In what ways does your family impact your research career and vice versa? (1) Having a supportive partner who invests in equitable parenting is helpful
(2) Families do not understand what academic researchers do; COVID was a helpful experience to show the need for and lifecycle of research.
(3) Family is primarily proud of academic achievements though some may perceive that advanced degrees confers perception of superiority.
(4) Having the ability to bring children to scientific conferences during breastfeeding is helpful.
(5) There is a need to be intentional about carving out time for family since research is a consuming career. Strategies include not scheduling work events during important family events.
(6) There was recognition that others can achieve one’s research goals, but others cannot parent one’s child. Made conscious decisions to be present as a parent, which may limit ability to be prolific in research.
Describe, if any, ways that CFAR may or may not have helped provide a sense of belonging. (1) Cultures, norms, and values in academia determined by well-represented people with resources are elusive and challenging.
(2) Building community of underrepresented investigators with complementary scientific interests is difficult because, by definition (i.e., under-represented) those intersections are rarer.
(3) Allyship from well-represented colleagues is helpful
  Financial Capital
Describe your experiences with research funding. How could the process of applying for grants be improved? How could the process of grant management be improved? (1) There is need to have institutional support at all stages of the grant process otherwise the work will not get done.
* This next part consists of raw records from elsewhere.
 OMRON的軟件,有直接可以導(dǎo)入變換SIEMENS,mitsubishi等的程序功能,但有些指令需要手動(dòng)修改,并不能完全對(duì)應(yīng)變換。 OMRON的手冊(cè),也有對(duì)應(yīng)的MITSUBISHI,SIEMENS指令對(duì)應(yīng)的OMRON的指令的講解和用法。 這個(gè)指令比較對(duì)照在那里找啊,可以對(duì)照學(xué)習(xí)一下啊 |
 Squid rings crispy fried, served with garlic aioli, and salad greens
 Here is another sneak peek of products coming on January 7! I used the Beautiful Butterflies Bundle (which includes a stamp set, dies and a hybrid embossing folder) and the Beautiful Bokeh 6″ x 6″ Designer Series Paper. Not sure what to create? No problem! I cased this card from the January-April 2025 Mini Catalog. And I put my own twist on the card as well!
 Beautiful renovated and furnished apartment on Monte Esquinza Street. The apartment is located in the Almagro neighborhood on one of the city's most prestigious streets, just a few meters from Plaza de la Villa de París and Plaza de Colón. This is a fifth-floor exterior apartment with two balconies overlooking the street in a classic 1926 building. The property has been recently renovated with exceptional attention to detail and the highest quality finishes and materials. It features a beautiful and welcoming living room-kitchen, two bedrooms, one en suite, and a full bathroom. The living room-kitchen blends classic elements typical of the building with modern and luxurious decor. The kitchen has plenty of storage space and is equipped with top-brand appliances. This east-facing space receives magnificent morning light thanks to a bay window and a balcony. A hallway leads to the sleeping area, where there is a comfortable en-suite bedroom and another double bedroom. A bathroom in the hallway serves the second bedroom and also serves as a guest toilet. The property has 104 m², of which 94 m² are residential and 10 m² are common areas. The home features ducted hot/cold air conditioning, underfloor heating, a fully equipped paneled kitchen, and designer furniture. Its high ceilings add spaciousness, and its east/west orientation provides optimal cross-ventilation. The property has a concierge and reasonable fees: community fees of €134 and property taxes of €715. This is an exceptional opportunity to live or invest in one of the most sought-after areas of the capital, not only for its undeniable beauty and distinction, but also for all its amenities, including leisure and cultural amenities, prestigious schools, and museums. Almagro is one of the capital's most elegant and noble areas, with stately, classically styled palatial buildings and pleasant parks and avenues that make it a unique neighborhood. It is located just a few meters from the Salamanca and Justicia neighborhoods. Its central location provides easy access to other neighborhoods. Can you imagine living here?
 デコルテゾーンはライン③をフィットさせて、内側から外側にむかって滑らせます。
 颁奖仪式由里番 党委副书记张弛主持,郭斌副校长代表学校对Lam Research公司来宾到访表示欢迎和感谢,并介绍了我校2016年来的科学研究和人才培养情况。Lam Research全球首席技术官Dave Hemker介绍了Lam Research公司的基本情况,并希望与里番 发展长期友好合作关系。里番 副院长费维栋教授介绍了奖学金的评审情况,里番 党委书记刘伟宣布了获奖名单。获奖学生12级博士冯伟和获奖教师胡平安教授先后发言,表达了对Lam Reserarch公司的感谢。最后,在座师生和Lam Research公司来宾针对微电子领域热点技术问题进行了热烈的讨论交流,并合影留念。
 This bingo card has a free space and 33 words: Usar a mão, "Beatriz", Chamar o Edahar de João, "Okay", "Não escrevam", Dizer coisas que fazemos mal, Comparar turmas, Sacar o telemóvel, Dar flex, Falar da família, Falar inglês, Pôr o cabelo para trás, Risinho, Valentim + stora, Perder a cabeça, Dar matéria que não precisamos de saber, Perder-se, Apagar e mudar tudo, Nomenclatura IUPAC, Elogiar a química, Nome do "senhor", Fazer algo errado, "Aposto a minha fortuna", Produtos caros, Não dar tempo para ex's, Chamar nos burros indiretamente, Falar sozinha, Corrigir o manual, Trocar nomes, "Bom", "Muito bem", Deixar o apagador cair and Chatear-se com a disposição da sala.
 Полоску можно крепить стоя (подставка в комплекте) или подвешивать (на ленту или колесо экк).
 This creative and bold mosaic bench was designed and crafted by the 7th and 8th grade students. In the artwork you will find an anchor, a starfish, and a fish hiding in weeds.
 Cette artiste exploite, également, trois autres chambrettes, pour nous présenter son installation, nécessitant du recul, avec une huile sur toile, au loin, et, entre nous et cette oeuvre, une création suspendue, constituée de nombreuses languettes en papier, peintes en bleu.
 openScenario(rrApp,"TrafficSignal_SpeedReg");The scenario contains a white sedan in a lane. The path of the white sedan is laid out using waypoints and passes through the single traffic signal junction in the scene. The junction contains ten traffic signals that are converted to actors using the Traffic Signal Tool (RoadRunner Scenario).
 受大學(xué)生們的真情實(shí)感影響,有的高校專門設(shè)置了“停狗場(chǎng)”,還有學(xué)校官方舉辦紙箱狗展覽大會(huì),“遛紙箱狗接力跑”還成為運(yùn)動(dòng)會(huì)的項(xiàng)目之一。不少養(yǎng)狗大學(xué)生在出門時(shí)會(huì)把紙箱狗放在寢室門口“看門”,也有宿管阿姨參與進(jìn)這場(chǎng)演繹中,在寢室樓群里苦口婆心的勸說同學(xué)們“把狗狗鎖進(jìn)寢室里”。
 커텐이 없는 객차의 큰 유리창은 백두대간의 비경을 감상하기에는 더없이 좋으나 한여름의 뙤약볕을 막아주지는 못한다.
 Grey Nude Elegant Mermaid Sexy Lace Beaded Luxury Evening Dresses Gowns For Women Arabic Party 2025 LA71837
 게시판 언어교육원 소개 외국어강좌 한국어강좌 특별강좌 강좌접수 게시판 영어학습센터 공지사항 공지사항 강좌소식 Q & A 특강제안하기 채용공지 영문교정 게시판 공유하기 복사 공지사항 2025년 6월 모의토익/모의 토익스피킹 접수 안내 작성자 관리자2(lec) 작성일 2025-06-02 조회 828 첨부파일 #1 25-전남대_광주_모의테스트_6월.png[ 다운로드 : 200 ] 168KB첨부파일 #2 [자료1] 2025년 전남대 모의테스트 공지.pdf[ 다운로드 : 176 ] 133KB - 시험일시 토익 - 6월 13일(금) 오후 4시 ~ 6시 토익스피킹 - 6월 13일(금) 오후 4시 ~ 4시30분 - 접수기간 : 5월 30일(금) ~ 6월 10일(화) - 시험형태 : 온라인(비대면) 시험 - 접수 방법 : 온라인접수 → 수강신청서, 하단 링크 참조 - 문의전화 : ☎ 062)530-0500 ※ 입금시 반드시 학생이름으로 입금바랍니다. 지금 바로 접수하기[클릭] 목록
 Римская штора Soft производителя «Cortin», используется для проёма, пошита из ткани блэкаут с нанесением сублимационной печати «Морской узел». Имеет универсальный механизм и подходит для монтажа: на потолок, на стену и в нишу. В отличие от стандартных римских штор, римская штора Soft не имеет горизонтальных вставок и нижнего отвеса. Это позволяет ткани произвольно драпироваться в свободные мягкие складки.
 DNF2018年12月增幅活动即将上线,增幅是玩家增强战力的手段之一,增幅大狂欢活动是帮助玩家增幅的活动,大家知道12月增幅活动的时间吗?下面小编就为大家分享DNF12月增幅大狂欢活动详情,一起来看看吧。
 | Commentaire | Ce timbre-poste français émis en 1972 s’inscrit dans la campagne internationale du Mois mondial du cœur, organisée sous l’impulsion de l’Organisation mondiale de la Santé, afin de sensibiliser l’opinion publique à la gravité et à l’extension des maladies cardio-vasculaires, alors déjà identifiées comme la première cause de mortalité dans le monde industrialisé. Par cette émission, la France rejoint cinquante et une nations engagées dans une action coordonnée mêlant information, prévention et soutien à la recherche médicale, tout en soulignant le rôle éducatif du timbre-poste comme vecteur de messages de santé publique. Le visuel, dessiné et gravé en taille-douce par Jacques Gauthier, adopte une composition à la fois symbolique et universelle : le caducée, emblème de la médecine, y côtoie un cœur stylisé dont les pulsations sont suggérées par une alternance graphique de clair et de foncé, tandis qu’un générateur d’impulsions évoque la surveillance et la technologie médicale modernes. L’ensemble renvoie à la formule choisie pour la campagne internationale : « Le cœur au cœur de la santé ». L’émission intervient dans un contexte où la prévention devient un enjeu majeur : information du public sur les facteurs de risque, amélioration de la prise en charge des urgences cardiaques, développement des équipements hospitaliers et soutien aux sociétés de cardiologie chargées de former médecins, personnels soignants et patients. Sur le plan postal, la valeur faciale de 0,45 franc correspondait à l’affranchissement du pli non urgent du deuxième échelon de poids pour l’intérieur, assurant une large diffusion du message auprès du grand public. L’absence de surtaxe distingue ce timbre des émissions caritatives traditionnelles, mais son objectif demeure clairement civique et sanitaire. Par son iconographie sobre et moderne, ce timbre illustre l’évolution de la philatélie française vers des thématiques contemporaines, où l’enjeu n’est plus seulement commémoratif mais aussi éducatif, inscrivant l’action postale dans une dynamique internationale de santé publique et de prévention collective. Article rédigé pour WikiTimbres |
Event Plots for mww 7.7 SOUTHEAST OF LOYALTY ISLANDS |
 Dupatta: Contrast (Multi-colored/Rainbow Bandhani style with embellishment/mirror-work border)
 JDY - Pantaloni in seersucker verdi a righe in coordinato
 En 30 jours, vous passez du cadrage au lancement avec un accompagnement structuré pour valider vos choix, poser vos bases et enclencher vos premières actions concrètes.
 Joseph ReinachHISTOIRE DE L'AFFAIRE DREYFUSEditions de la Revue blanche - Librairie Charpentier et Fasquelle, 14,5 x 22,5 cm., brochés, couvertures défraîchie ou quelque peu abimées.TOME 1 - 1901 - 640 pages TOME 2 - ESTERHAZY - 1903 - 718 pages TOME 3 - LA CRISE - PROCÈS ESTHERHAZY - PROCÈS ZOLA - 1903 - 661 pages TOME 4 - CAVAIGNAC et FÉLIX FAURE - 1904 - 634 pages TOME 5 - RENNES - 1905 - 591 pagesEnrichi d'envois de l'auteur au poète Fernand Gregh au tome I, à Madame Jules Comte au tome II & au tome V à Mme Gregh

Post-award processes need particular attention and education for early stage investigators.
(2) Funding opportunities need to be presented to early-stage faculty who should be supported and mentored to successfully apply. Opportunities specifically directed at people from underrepresented groups would be appreciated.
(3) Funding award should be commensurate with the time investment needed to submit the grant
(4) Letters of intent are helpful to quickly gauge whether an idea is fundable.
How would you spend a no-strings-attached $40,000 research grant? (1) Buy dedicated time for research if you’re a clinician.
(2) For childcare to have more time for research.
(3) Doing work with limited funding opportunities e.g., working with undocumented people, sex workers.
(4) Align spending with grant deliverables
(5) Staffing research support to free up early stage investigators time e.g., hiring a postdoc
(6) $40,000 is insufficient to do research.
(7) Obtain preliminary data for an NIH grant or for a high-risk project.
(8) Purchase materials that are not allowable on government funded grants e.g., harm reduction supplies, information technology enhancements, support for querying electronic medical records
(9) Compensating subject matter experts e.g., people with lived experience of HIV
  Additional thoughts
The roles of CFAR in career development of early stage investigators from underrepresented groups (1) CFAR should be more proactive in providing networking and social activities to cultivate a collaborative HIV research community. This can include specific communities of people from underrepresented groups.
(2) People with long histories involved with CFAR seem to enjoy it – more needs to be done to make it more inviting and enjoyable for new members including new faculty and post-docs. Suggestion to systematically reach out to department chairs to invite newly hired investigators with interest in HIV to join CFAR.
(3) The guided approach to applying to career development grants works very well. Hearing how you can improve your application from an internal colleague enables corrections prior to official NIH review.
(4) It’s helpful that the CFAR is shared between Brown and Boston University. CFAR facilitates conferences, collaborations and mentorship.
(5) Many claim to want to improve diversity, equity, inclusion and accessibility but are afraid to do something different for people from underrepresented groups. However, to achieve equity requires doing something different for groups e.g., providing additional support to people who have been historically excluded from additional support. Yet institutions are often afraid or hesitant to do something different.
(6) CFAR should share data about representational diversity at CFAR institutions and amongst recipients of CFAR support.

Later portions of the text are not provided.